The one and only time I encountered Church Militant was during a counter-protest in Royal Oak last March. They were there, along with the 11th District Republican Committee led by fellow bigot Shane Trejo (who once hosted a podcast named after the Nazi slogan “Blood and Soil”), to protest a Drag Queen Story Time event at Sidetrack Bookshop. Happily, they were vastly outnumbered. An estimated two dozen protested the event but there were 1,000 joyful counterprotesters. Church Militant and friends could not halt the event and had to slink away in defeat. No children were harmed by any bigots, or the storytime.

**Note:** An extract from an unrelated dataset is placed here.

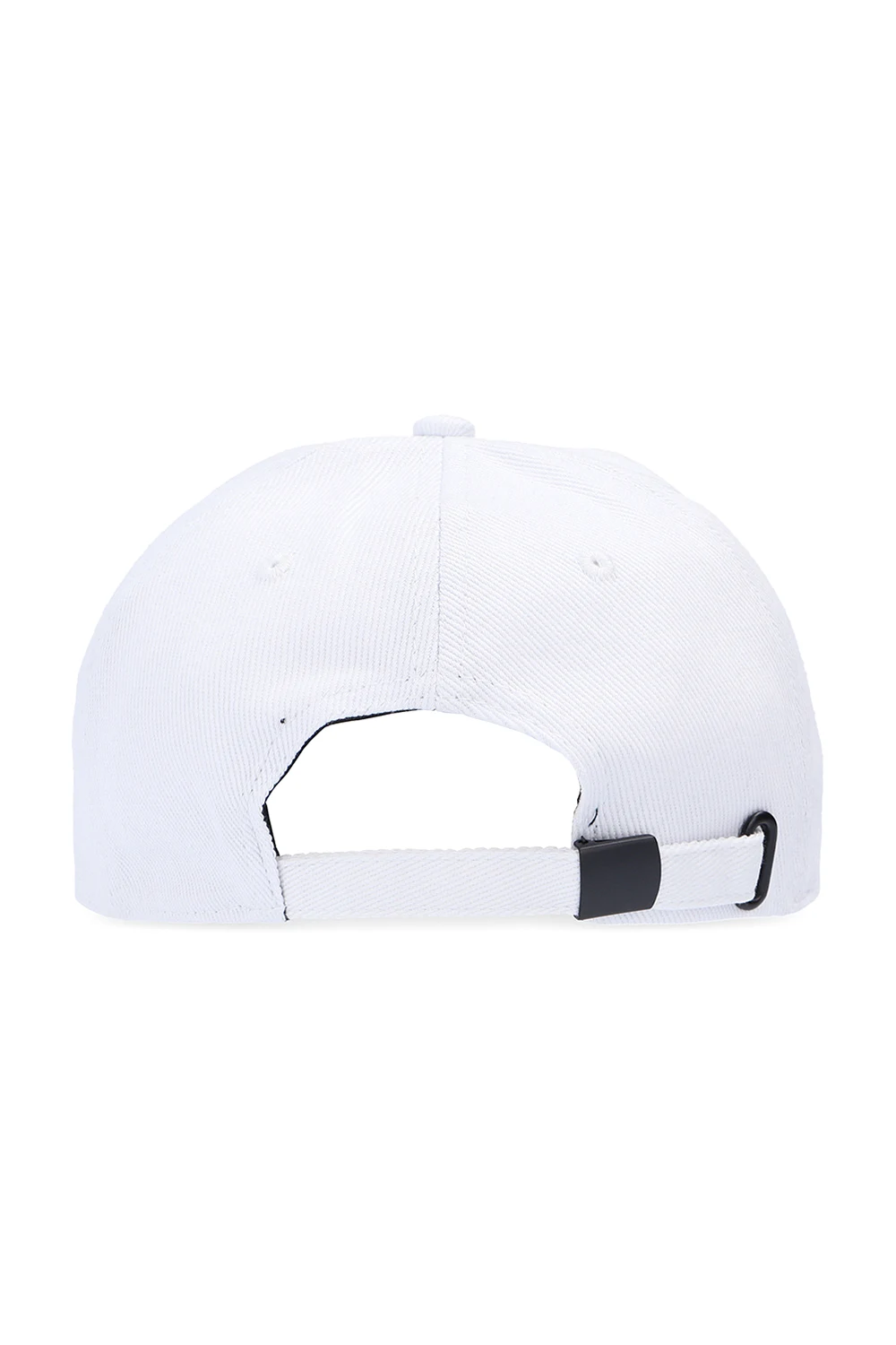 White baseball cap from Versace Jeans Couture. Embroidered at front with the brand's logo in black, this item features a buckle adjuster on the back.

An obvious influence on the group was notorious historical resident of metro Detroit: The antisemitic “Radio Priest” Father Charles Coughlin. Coughlin broadcast his radio program in Royal Oak, at the Shrine of the Little Flower on 12 Mile and Woodward. Like Church Militant, Coughlin spewed hate against minority groups and theorized that foreigners and Communists were secretly controlling the United States. Also like Church Militant, Coughlin used modern media to spread his message. In the 1930s that was radio; today it is the internet. Church Militant seemed aware of the connection given that they posted an article to their website recommending Coughlin to members as a fighter against Communism and the welfare state. (For obvious reasons, they avoided the swastika-covered elephant in the room of Coughlin’s Nazi sympathies.)

A few months ago, Vorhis stepped down. He had admitted in a 2017 Atlantic documentary that he had “live-in relationships with homosexual men," but claimed he was now no longer gay. Apparently that change did not take since he had been allegedly sending out shirtless selfies to male staffers at Church Militant, surely embarrassing behavior for such a virulently anti-LGBTQ+ organization. After that misfortune, the group was sued for defamation by the Rev. Georges de Laire due to Church Militant publishing an article calling him unstable and vindictive. The costs of the lawsuit settlement are so great that Church Militant will have to shut down in April. When I mentioned at a recent vigil for Nex Benedict in Ferndale at Affirmations that Church Militant would no longer be in operation, there were cheers and applause.

It appears, however, that some of that praise may have been premature. Last week it was reported that a new email claiming to be from Church Militant has sprung up. Ferndale residents can rest easy knowing that the new Church Militant, if it exists, will no longer trouble their hometown. It looks like the hate group found a more hospitable political climate in Texas. Yeehaw. 

Whether Church Militant is truly gone or not, it’s clear that eternal vigilance is the price to pay for our liberties. Even before Church Militant shut down, the group Catholicvote.org brought their homophobic “Hide the Pride” campaign to the Ferndale library. It’s a necessity that we be ready to battle against any of these dark satanic mills of propaganda, whoever they are or whatever they call themselves.